The chief justice explained:
“Martin’s message to defendant could not have been clearer: Martin would not honor defendant’s right to silence or his right to counsel until defendant gave him a confession.”
George said the Fifth District Court of Appeal, which affirmed Neal’s conviction in an unpublished opinion in April of last year, erred when it agreed with Sevier that the defendant initiated the second interview voluntarily.
“It is true that defendant did not confess to Detective Martin in the course of the first interview, but asked to speak to Martin the following day, although only after a night in custody without access to counsel or other noncustodial personnel and without food or drink or toilet facilities,” George observed, but he added:
“From the fact of defendant’s resistance, and Martin’s overcoming of his resistance, we may infer that defendant received the message that Martin would not honor defendant’s right to silence or right to counsel until defendant confessed.”

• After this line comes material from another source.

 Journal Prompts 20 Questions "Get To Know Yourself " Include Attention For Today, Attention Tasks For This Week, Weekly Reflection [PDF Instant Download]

The chief justice conceded that enough other evidence was introduced at trial to support the jury’s guilty verdict, but he said it was impossible to determine beyond a reasonable doubt that the error was harmless-the standard required by Chapman v. California (1967) 386 U.S. 18.
Examiner’s Testimony Cited
He noted that a document examiner testified an incriminating note left at the crime scene, purportedly from another roommate with whom Collins had had a stormy relationship, was actually written by Neal. Had the confessions, in which Neal admitted writing the note, been excluded, the defendant might have been able to cast doubt on that testimony, George said.

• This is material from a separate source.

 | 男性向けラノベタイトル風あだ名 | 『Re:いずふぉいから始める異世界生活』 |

“The consequence of the officer’s misconduct—the absolute inability to introduce the confessions at trial—is severe,” the chief justice wrote, “but is intended to deter other officers from engaging in misconduct of this sort in the future.”

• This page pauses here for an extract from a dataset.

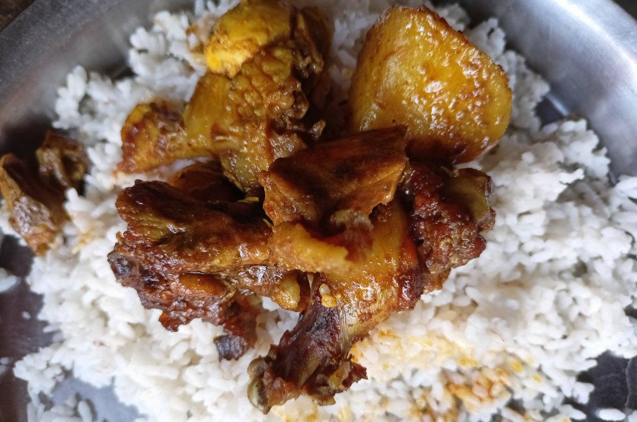 স্নান শেষ করতেই মা দুপুরের খাবার রেডি করে খেতে ডেকেছিল। আমি খেতে বসে দেখলাম মা আজ মাংস রান্না করেছে। যদিও খেতে ইচ্ছে করছিল কিন্তু খাবারে তেমন রুচি নেই। তারপর ৩/৪ টুকরো মাংস খেয়েছিলাম। মাংসের আলুটা কিন্তু খুবই সুস্বাদু হয় তাই আমি এক টুকরো আলু ও খেয়েছিলাম।

Justices Joyce Kennard and Marvin Baxter authored separate concurrences. Kennard said she would have analyzed separately the question of whether the Miranda waiver obtained from Neal at the beginning of his second interview with Martin was knowing and intelligent, concluding it was not.
Baxter, with whom Justices Ming Chin and Carlos Moreno joined, noted that Martin testified he had been trained to continue custodial questioning in violation of Miranda by a sergeant who described the tactic as a “useful tool.”
The justice explained:
“[N]othing in Peevy was meant to condone deliberately improper interrogation tactics, whether individual or systematic.”
It is “unconscionable for police departments or supervisors to give contrary instruction or encouragement to the officers under their jurisdiction,” he declared.
The case is People v. Neal, 03 S.O.S. 3684.